Until recently, I always assumed that learning proceeds according to prescribed steps: one becomes interested in a subject, reads about it, thinks about it, studies it, and thinks some more until finally achieving some degree of mastery. This process takes time but is necessary to gain any sort of meaningful knowledge.
Yet, recently, a paradigm shift has occurred that may spell the end of this kind of learning. The shift was anticipated by the 1960s communications guru Marshall McLuhan in his much-repeated maxim: the medium is the message. McLuhan described an earlier evolution from an oral to a print culture with the invention of movable type, which encouraged a style of engaging with information that was linear and individualistic. But with the advent of television and computers, which he presciently anticipated, he argued that we had now entered a new era. He contrasted what he called the “hot” media of books and even movies to “cool” media, in which we skim across the surface of the material in a haphazard way rather than burrowing deeply into it with concentrated attention. The nature of these “cool” technologies is nonlinear, he maintained, and would produce a population both more distracted and more interconnected. It was McLuhan who coined the phrase “global village”—a return to a kind of tribal culture that preceded the printing press.
I did not take McLuhan seriously when I first read him in the 1970s, associating him with the soft thinking of the ’60s counterculture. But I read him now with renewed respect, and marvel at his prescience. For what he theorized based on vague portents then, I now feel happening both around me and in my own synapses.
The change on a personal front came about a year ago when I acquired an iPad. Because I can take this device with me wherever I go, I am now so addicted to email that I get an adrenaline rush when something of slight interest pops up in my inbox. Like a swig from a flask, or, I imagine, a snort of cocaine, this elevation of mood lasts a relatively short time—and I have to go in again and check for new messages. Without a message, I feel a slight drop, which only drives me to check more often in the hope of getting something that will deliver the desired lift.
Having come to this addiction late (and having largely eschewed other forms of Internet communication like texting, tweeting, and Facebook), I can modulate my response—go cold turkey if I have to (or so I tell myself). I know what needs to be done if I want to write an essay or read a book, and I can still do those things.
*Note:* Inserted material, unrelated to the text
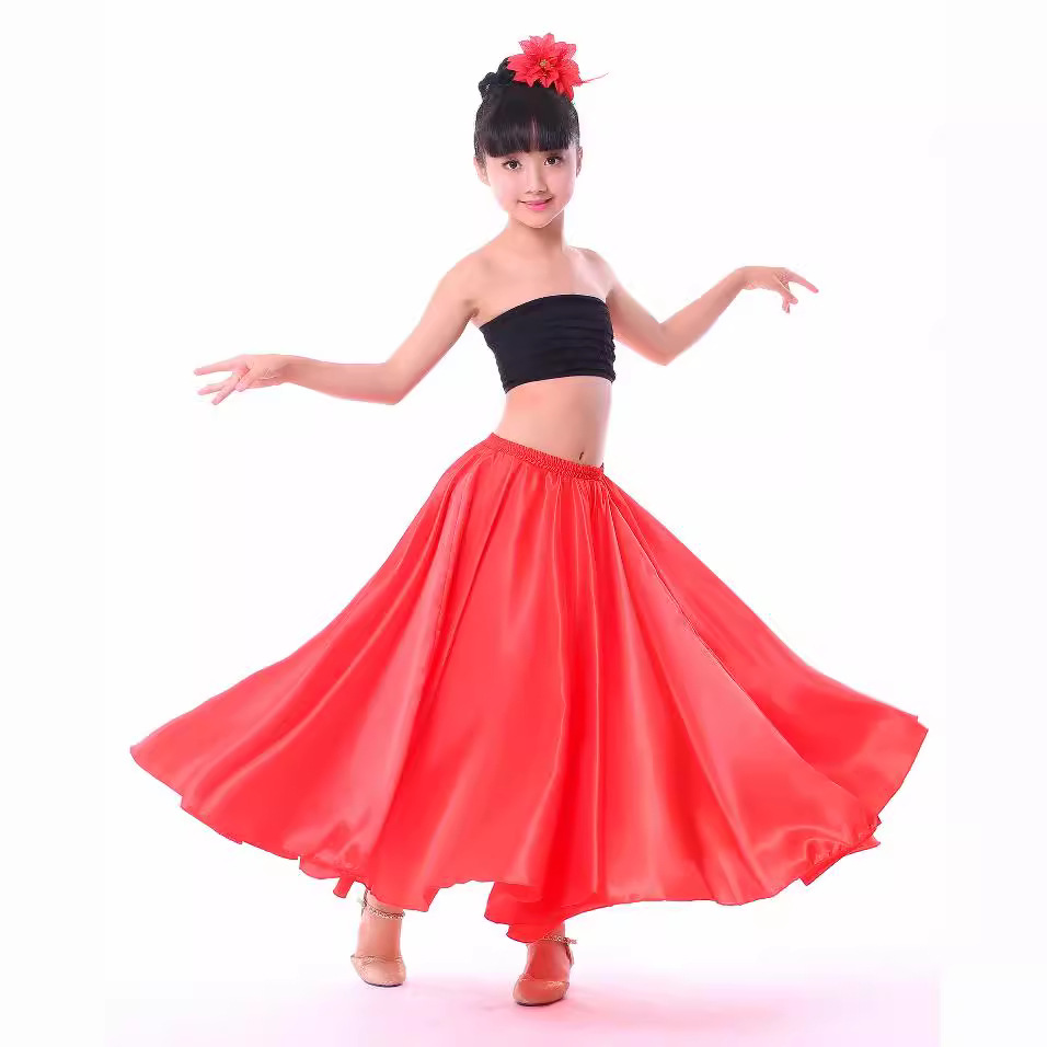 Детский костюм для выступлений, юбка для испанского танца корриды, большая юбка-качели, открывающаяся танцевальная юбка, сценический костюм, женский

But if I had grown up with the zings of text messages, I don’t know if I would be able to concentrate long enough to read a book or write an essay of more than a few hundred words (i.e., a blog post like this one.)
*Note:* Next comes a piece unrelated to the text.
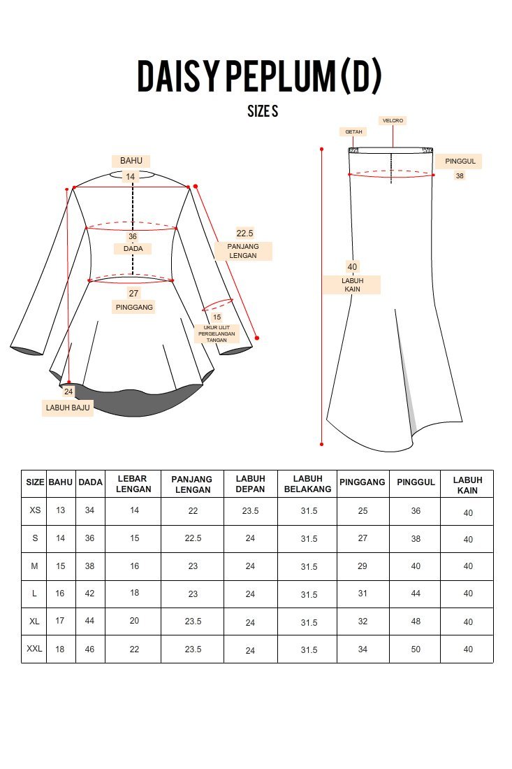 - Pinggang kain : Getah pinggang + Velcro

Lately, I’ve noticed in my students a run on the bathroom in the middle of my 50-minute classes—too long a period, it seems, for them to keep off Facebook or Twitter. But by leaving the class to respond to their Internet messages, these students lose the thread of discussion in the classroom, which only serves to reinforce the distractedness that sent them out of the room to begin with. This is a feedback loop that is bound to have an effect on how teachers teach.
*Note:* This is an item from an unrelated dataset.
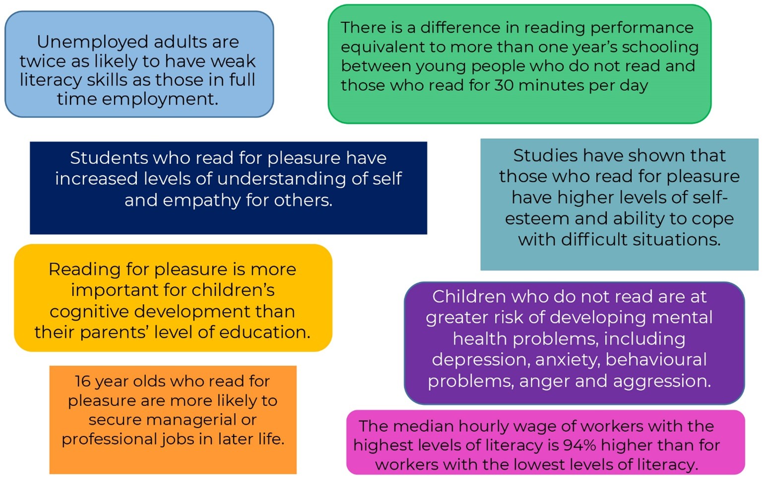 Research consistently shows that engagement with reading is one of the strongest predictors of future success. Reading develops cognitive function and shapes individuals who are articulate, informed, empathetic, and confident—qualities essential for both achievement and wellbeing.

Many of McLuhan’s disciples appended a moral charge to his views, predicting dire consequences to the domination of cool media. McLuhan himself was not interested in passing judgment, and neither am I. Although I lament the fact that many of my students do not have the attention span that I would like, I am not inclined to blame them. My style of teaching, through books, is on its way to being obsolete. If I want to hold on a bit longer, I’ll have to figure out a way to be that much more interesting—or punitive—so that they stay in their seats and focus on what I say.
What is needed (and might already be happening) is a way to organize the blips and zings of Facebook and texting to produce new kinds of creativity and productivity. Books were seen as potentially damaging to the fabric of a communal culture when the printing press first made them widely available. That prediction had its truth, but books ushered in so much else of value, that the trade-off soon ceased to have meaning. The same may prove true for Internet culture. Who knows what app, derived from this new paradigm for learning, lies on the horizon?